Piensa en toda aquella gente que creía conocer a lo largo de su vida y que realmente no conocía, para bien y para mal, para su decepción y para su sorpresa. Fijaba su mirada en las personas, en los que parecían agradables, en los que se divertían, en los que parecían estar enfadados con el mundo… ¿Serían realmente como parecían ser?
Concentró su mirada en una nube informe, y mientras sus ojos se abrían poco a poco, como si estuviera valorando un salto a un gran precipicio, se dijo a si mismo: ¿Me conozco a mi mismo? Sonó la una del medio día.
Se levanta, camina, cierra los ojos, los abre y vuelve a mirar por la ventana concentrado. Un lastimero crujido de madera le devuelve a la realidad. ¿Me conozco a mi mismo? Se volvía a preguntar una y otra vez. ¿Cómo se puede creer que conocemos a los demás si en ocasiones actuamos de tal manera que valoramos la posibilidad de no conocernos ni a nosotros mismos?

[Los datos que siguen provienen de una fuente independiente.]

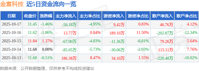 10月17日的资金流向数据方面,主力资金净流出56.18万元,占总成交额4.95%,游资资金净流入9.42万元,占总成交额0.83%,散户资金净流入46.76万元,占总成交额4.12%。
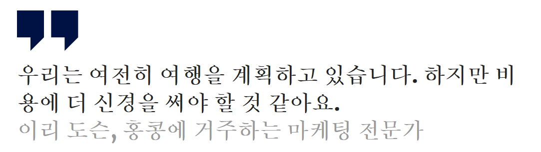 앞으로의 어려운 경제 상황은 아시아 소비자들의 여행 선택에 계속 영향을 미칠 것으로 보이며, 많은 사람들이 몇 달 전에 미리 여행을 예약하거나 출발 전 가격 하락을 기대하며 마지막 순간까지 기다릴 것으로 보입니다.

Se calza unos viejos zapatos, muy usados pero llenos del cariño de lo que nos ha acompañado durante un largo viaje, sonríe, se despereza, mira por la ventana y vuelve a sonreír.

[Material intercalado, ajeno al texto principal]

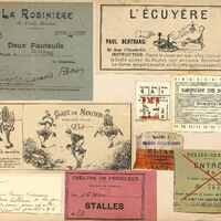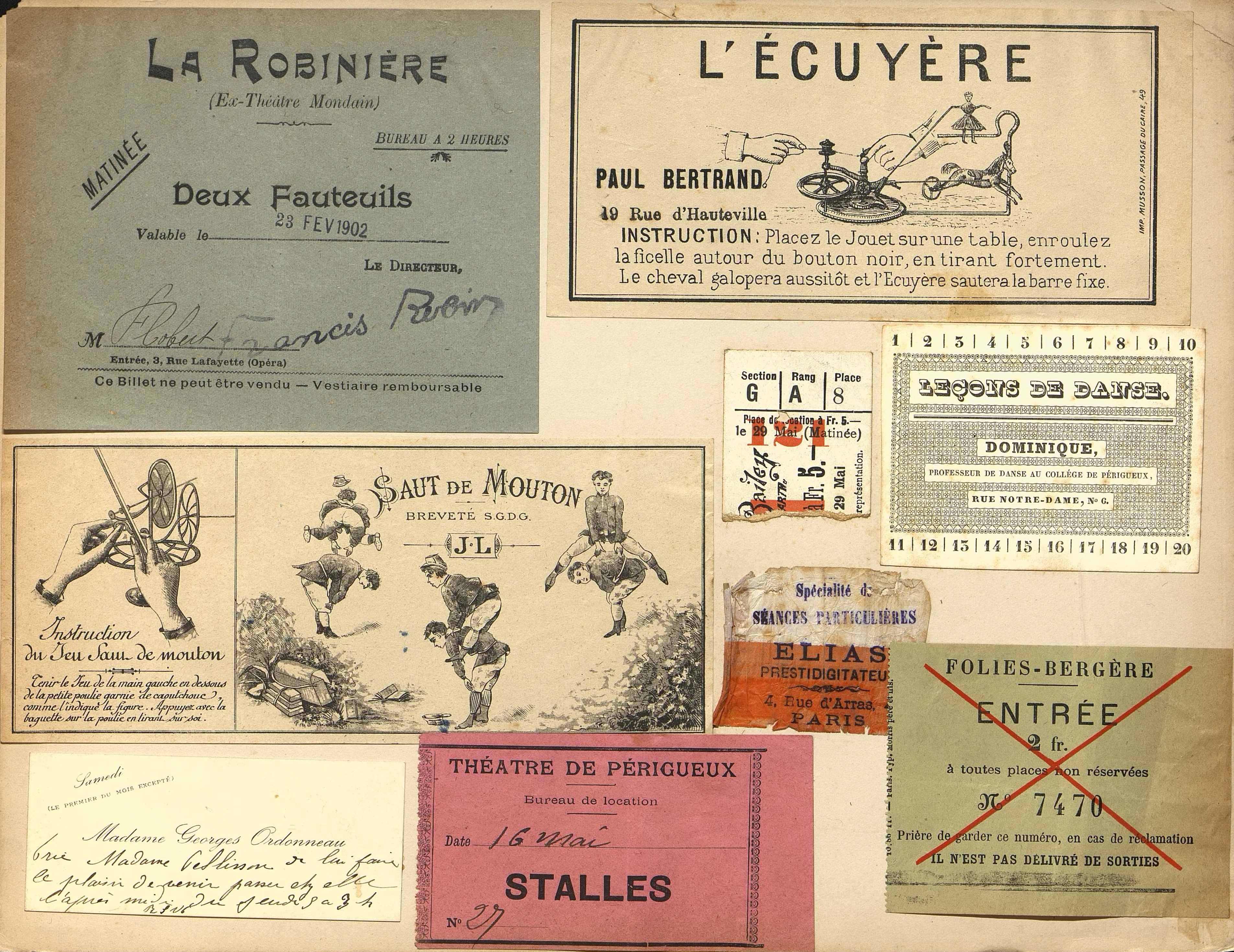 Planche avec tickets de spectacles et diverses publicités d'attractions.

Sin más compañía que la de sus zapatos llenos de cariño y sus recuerdos, el portazo puso punto y final a su rostro apagado, a su mirada furtiva desde una ventana. Se esfumaron los recuerdos amargos de un pasado, se acabó el rumiar el presente y esperar junto a una ventana el futuro. Marchó con una sonrisa dibujada, se mezcló de nuevo con la gente, sin prisa, sin tiempo del que estar pendiente, dándose cuenta de que aun le quedaba mucho por contarse, mucho de lo que sorprenderse, mucho por lo que reírse de si mismo.